Я бы не упоминал об этой детали, если б не то, что весь дневник был такой, как эта первая фраза, поначалу странная, а потом вполне понятная, простая, вроде бы даже не раз встречавшаяся. Мы спотыкаемся там на каждом шагу об начатые и недописанные отрывки. Того, что для него ясно, он не объясняет, и вещи совершенно невероятные преподносит, как черный хлеб, — такая у него манера. Ну что ж… В собственной автобиографии он вправе писать, как хочет.

Но можем ли мы, пишущие вместо него, поступать, как он? Имеем ли мы право чего-то не знать и оставлять в повествовании белые пятна? Тем более что рассказ пойдет о человеке, за которым стоят тысячи, — о Щенсном по кличке Горе, одном из многих, которые не хотят или не умеют свою жизнь литературно оформить.

По-моему, нам лучше всего сразу договориться, чтобы потом не было споров, насколько правдиво и для чего мы изображаем в книге эту одну человеческую жизнь.

Не для развлечения и не ради искусства — это ясно, об этом уже говорилось.

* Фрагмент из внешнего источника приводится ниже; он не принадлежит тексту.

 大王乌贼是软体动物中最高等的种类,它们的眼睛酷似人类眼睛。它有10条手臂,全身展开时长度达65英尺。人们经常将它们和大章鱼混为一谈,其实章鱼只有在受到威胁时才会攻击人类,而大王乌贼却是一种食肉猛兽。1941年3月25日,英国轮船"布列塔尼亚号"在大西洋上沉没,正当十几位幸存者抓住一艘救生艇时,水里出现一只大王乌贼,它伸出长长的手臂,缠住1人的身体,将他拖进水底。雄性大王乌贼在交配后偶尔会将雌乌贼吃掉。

Это как бы воспоминание о безвозвратно ушедшем времени. Документ, памятник старины… Значит, надо все воссоздать как можно достовернее и с предельной осмотрительностью. Если же чего-то недостает и мы не знаем, как было в действительности, то лучше оставить пустое место, в крайнем случае маскируя его каким-нибудь орнаментом в стиле той эпохи. И никакой отсебятины. К помощи фантазии можно прибегать лишь для того, чтобы скрепить осколки или зашпаклевать дыры.

Все это понятно, но — видите ли — человек не камень. Мы говорим: вот кирпич, давайте строить. Но ведь у этого кирпича бывают минуты счастья и смятения, он и страдает, и любит, и борется. Можно ли его просто брать в руки и класть, ни во что не вникая, лишь бы только ровно, лишь бы только гладко? Не волноваться, не сопереживать? А сопереживая, удастся ли рассказать вслед за тем человеком, в его манере — а не по-своему? Вот этого-то я и боюсь больше всего: вдруг получится разноголосица?

Конечно, лучше бы ему самому рассказать.

— Написали б вы все это заново, — уговаривали его в комиссии. — Со всеми подробностями, именно так, как вы сейчас рассказываете.

— Нет, второй раз я писать не стану. Жалко времени. Делайте с этим, что хотите.

Он и в самом деле производил впечатление очень занятого человека, у которого нет ни времени, ни желания возвращаться на кладбище молодости, к могилам полузабытых побед и поражений.

Таким образом, у нас осталось одно лишь сырье: общая тетрадь, 53 страницы, а в качестве приложения — пожелтевшие документы и разрозненные листки с записью его устных дополнений. В случае надобности его можно попросить рассказать еще, а такая надобность, несомненно, возникнет. Возьмем, к примеру, детство. Ведь это важно, не так ли? А что мы о нем знаем?